The mausoleum was the size of a small room, though the prevailing impression for Verity was of the sickly scent of rotting flowers. Funeral bouquets lay lank and dead, white petals long since turned to rust and the green stems to a dry brown. The dampness of the place gave an edge to the cold stillness which almost made him gasp. Already the walls which had been cleaned for Lord Henry's interment were fluffy and dusty, the spiders' webs hanging like tattered rags in the corners. The stone ledges on either side were capable of accommodating several generations of the Jervis family but there were only, as yet, two coffins in the entire mausoleum. They lay on opposite sides of the tomb-house at the lowest level. One of them, its wood darkened by damp and rot, its silver fittings misted over by neglect, was that of old Lord Samuel Jervis.
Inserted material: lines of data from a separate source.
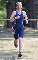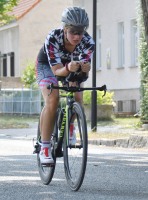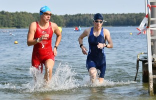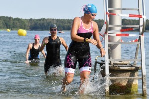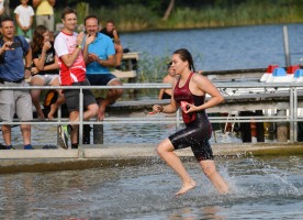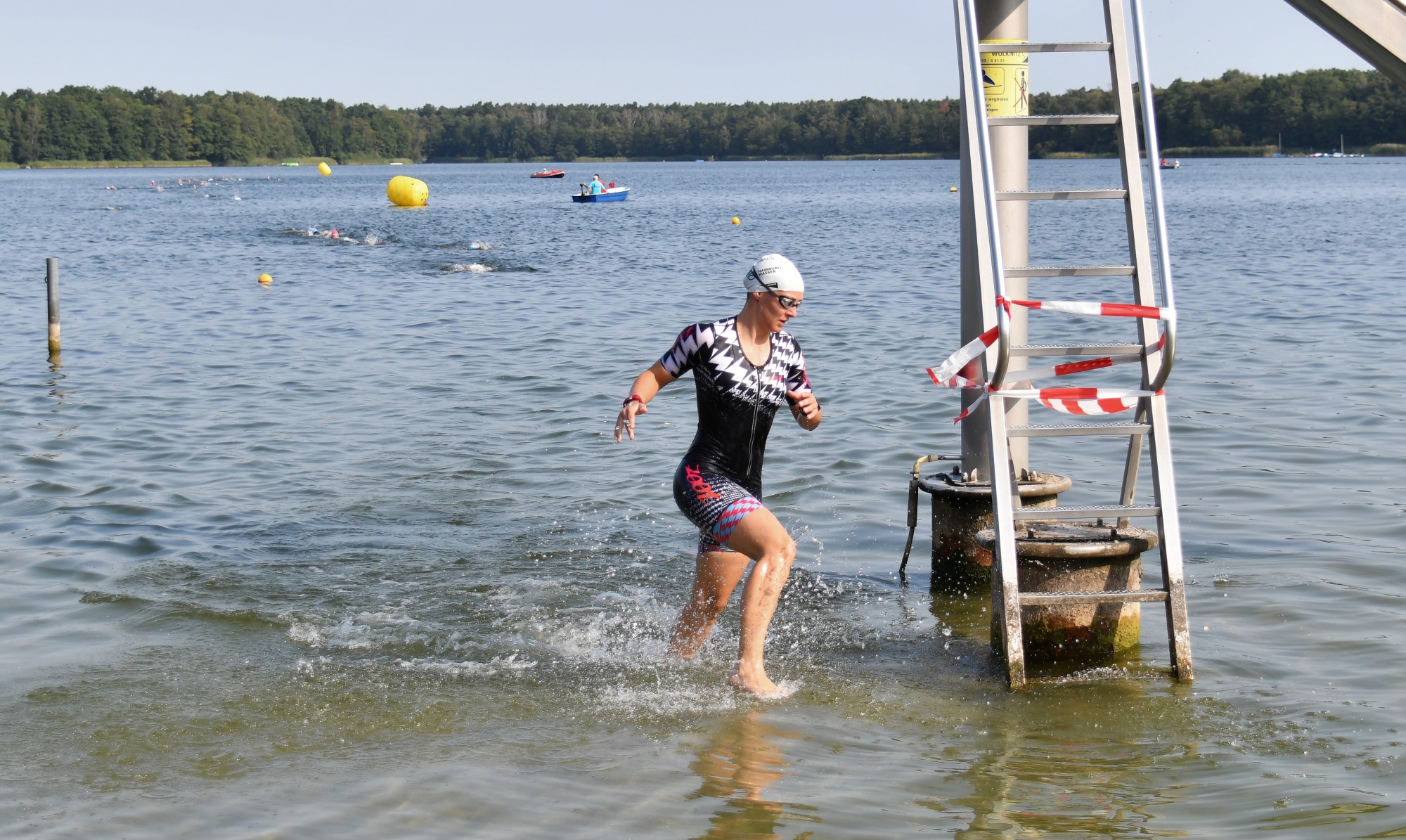 Die Frauen waren alle auf ihrer zweiten Runde, die Spitze schon in Richtung Radstrecke, als die Männerwelle in den See sprintete. Theresa Klein vom Berliner TSC hatte einigen Vorsprung nach dem Schwimmen, den sie bis zum zweiten Wechsel halten konnte. Katrin Burow, in den letzten Jahren als Ultra-Distanz-Triathletin bekannt, fuhr anschließend mit der besten Radzeit auf den Silberplatz vor, Jen Metcalf auf den dritten Platz. Dahinter ging es knapp zu.
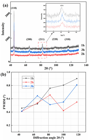 The XRD diffraction patterns of Cr-Mn-Si-alloyed high-strength steel at different deep cryogenic treatment times are shown in Figure 11a. Martensitic diffraction peaks were selected from the diffraction angle range of 40° to 140° with crystallographic lattice coefficients of (110) (200) (211) (220) (310) after different treatment times for Cr-Mn-Si-alloyed high-strength steel, which have the same diffraction peaks at the same diffraction angle, which indicates that the different deep cryogenic treatment times do not affect the lattice constants. The half-width height (FWHM) of each diffraction peak can be obtained automatically by using MDI Jade to analyze the XRD data. However, the FWHM of the same crystallographic index after different treatment times differed greatly, and the peak widths of the diffraction peaks had different degrees of broadening, as shown in the local magnification of Figure 11a.
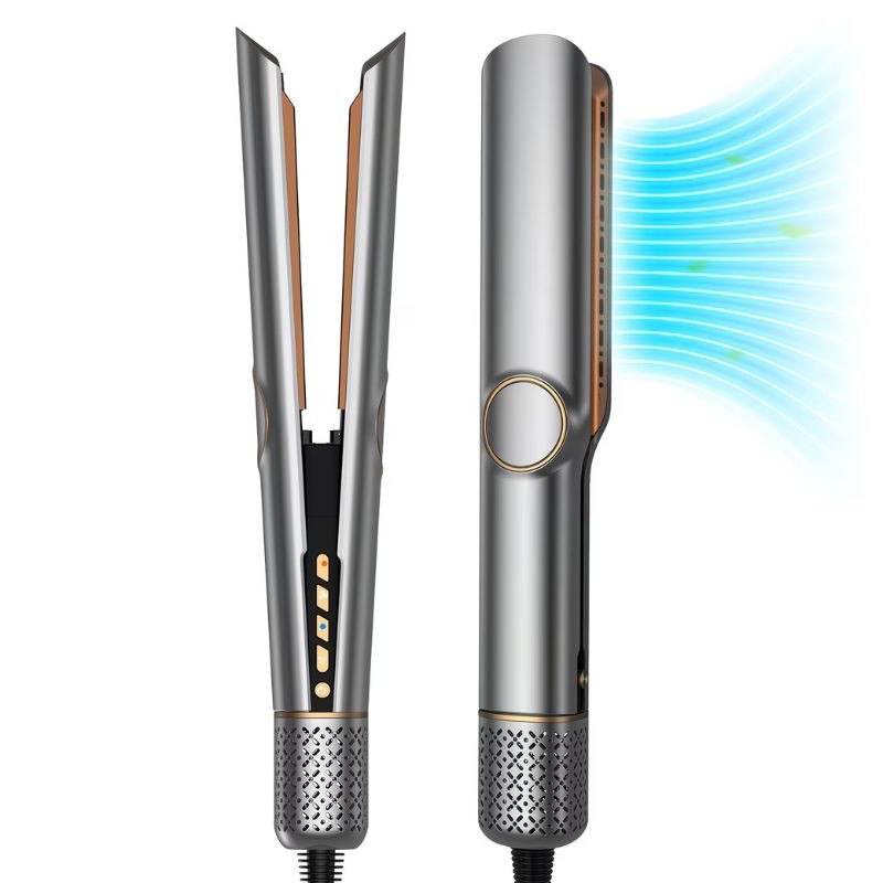 Tento moderný 2 v 1 nástroj na úpravu vlasov kombinuje funkciu fénu a vlasovej žehličky, čím umožňuje rýchlu a efektívnu úpravu vlasov. Vysokorýchlostný prúd vzduchu a presná regulácia teploty pomáhajú rýchlo vysušiť a narovnať vlasy bez toho, aby došlo k nadmernému poškodeniu teplotou.
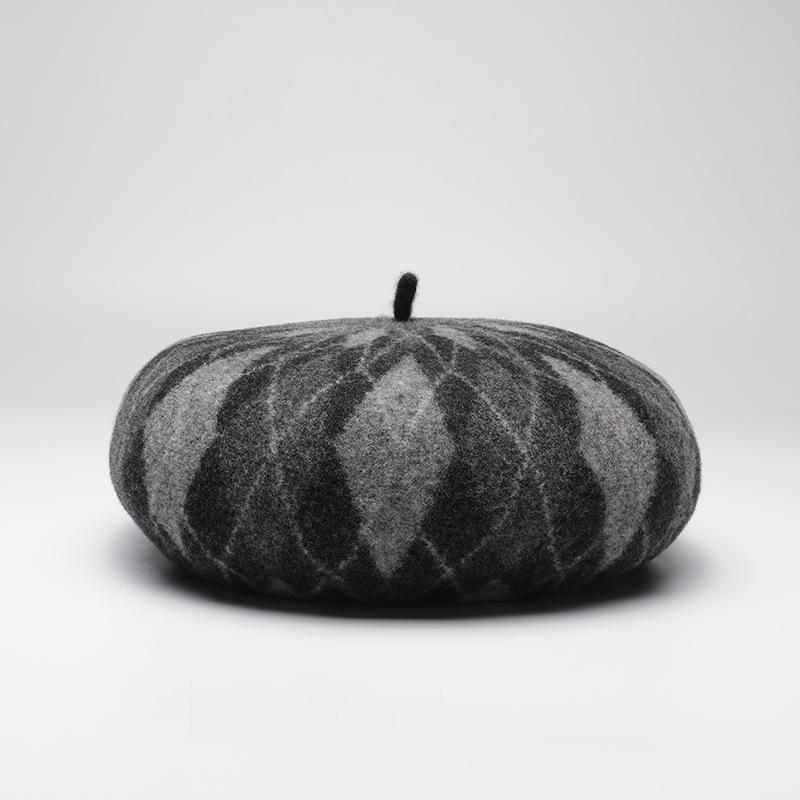 Контрастный шерстяной берет, модная и повседневная теплая утолщенная клетчатая универсальная шляпа художника для осени и зимы One Size чёрный
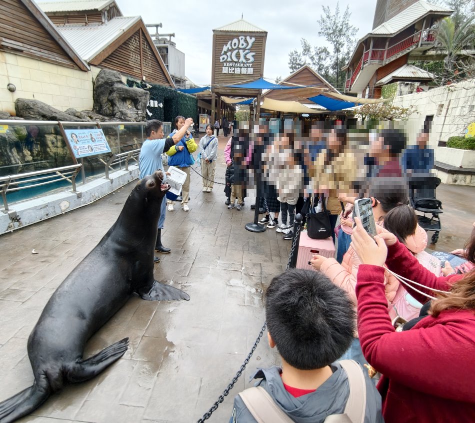 ▼14:30我們來到海獅劇場欣賞海獅巡警隊,結合環保議題與海洋保護的概念,搭配海獅搖頭晃腦的模樣特別可愛。
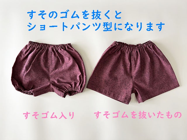 すその入れ替え口からゴムを抜くことができるため、お子様が大きくなられましたら、ゴムを外して、ショートパンツとしてお使いください。
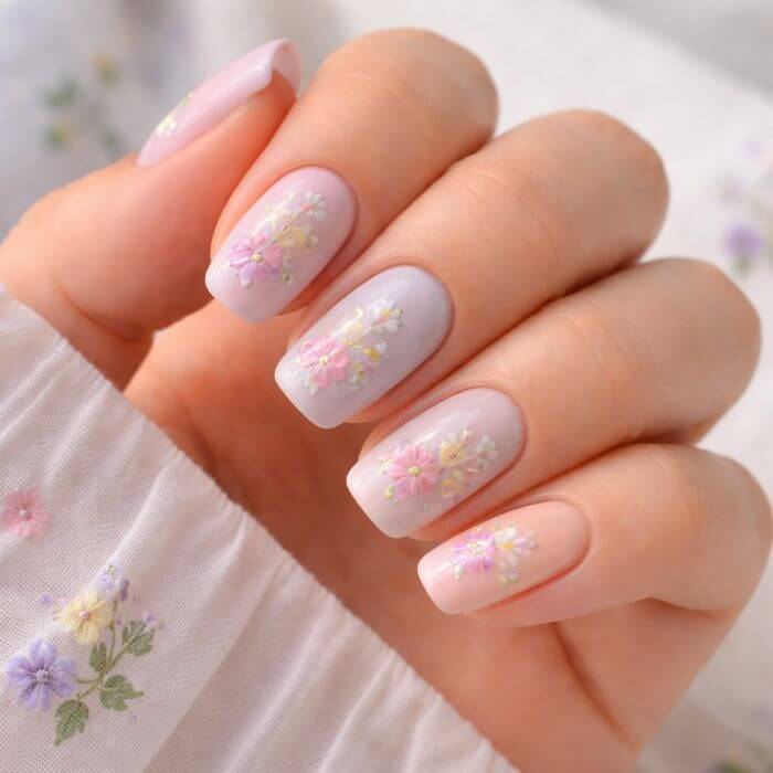Nail art floral pastel
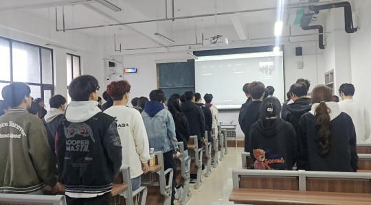 团课伊始,全场肃立,《光荣啊,中国共青团》的激昂旋律响起。全体团员精神饱满、声音洪亮,以整齐的合唱表达对共青团的忠诚与热爱。熟悉的旋律不仅点燃了现场氛围,更让团员们在歌声中重温入团初心,感受到作为青年团员的责任与使命,为本次“石榴籽一家亲”主题学习奠定了昂扬的基调。
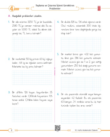 A. Aşağıdaki problemleri çözelim.

On the other side, in light clean cedar-wood and with silver which still shone like a new mirror, was the second casket whose polished plate bore the simple legend, 'Lord Henry Frederick Jervis, obit 4 May 1860'.
'Right, then,' whispered Samson, his voice trembling a little with the cold. 'You seen what you wanted to see, now let's get back to the road. It's all in order here.'
"ave the goodness to hole the lamp for me, Mr Samson,' said Verity firmly.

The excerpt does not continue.